BIM60060 - Land: Supervening trade



Although we may accept that land was acquired as a capital asset or as an investment the facts may suggest that it was subsequently developed or dealt with in such a way that it became stock of a newly set up trade or adventure in the nature of trade. This is the concept of supervening trade.

There is judicial support for this concept in dicta in Taylor v Good [1974] 49TC277 (at p.287), Lionel Simmons Properties Ltd v CIR [1980] (53TC461), at p.491, and Page v Lowther [1983] (57TC199), at p.217.

Worthwhile cases should be pursued where it is possible to identify a clear change of intention with regard to the land. That intention must normally find physical expression. An example might involve the demolition of a warehouse previously held as a capital asset and the construction for sale of residential flats. It is once again a question of fact and degree. The greater the change in character of the land, the stronger the supervening trading argument becomes.
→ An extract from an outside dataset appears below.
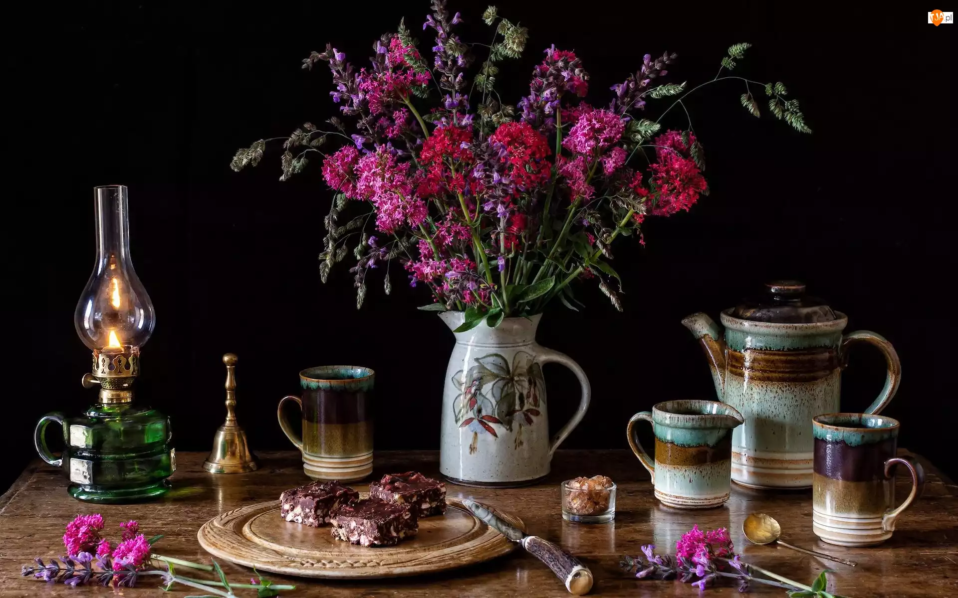 Bukiet kwiatów, Kompozycja, Dzbanek, Ciasto, Lampa, Kubki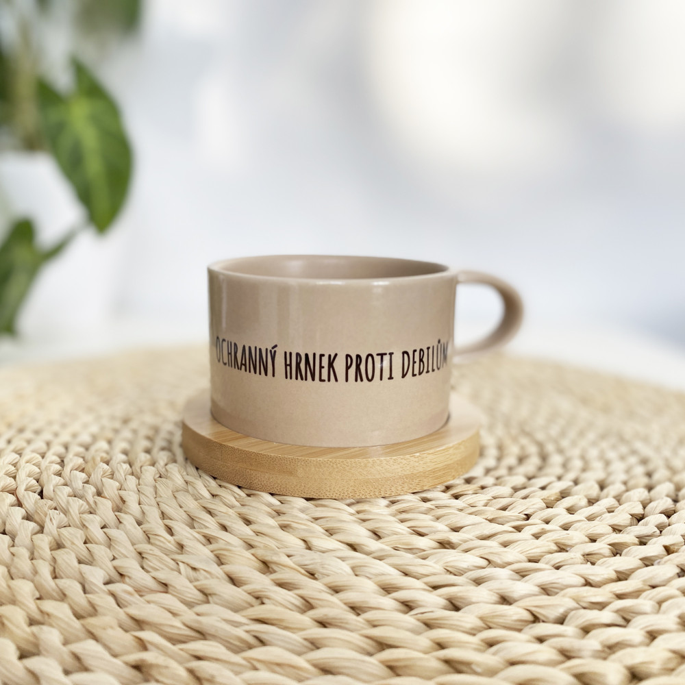 Designový keramický hrnek a dřevěný talířek v moderní přírodní barvě (bambus).

The change of intention will involve an appropriation of the capital asset to trading stock when the trading activity begins and there will therefore be a deemed disposal at that moment for Capital Gains Tax purposes under TCGA92/S161. The determination of that moment is entirely a question of fact. You should therefore ensure that you examine the history of the project in sufficient detail to be able to identify and, if necessary, to argue for the appropriate date. This date will of course have implications both for the valuation of the land and the expenditure that is allowable as a trade expense (or even as pre-trading expenditure under ICTA88/S401).

All cases involving supervening trading should be submitted to Business Tax (Technical) before listing for a contentious hearing.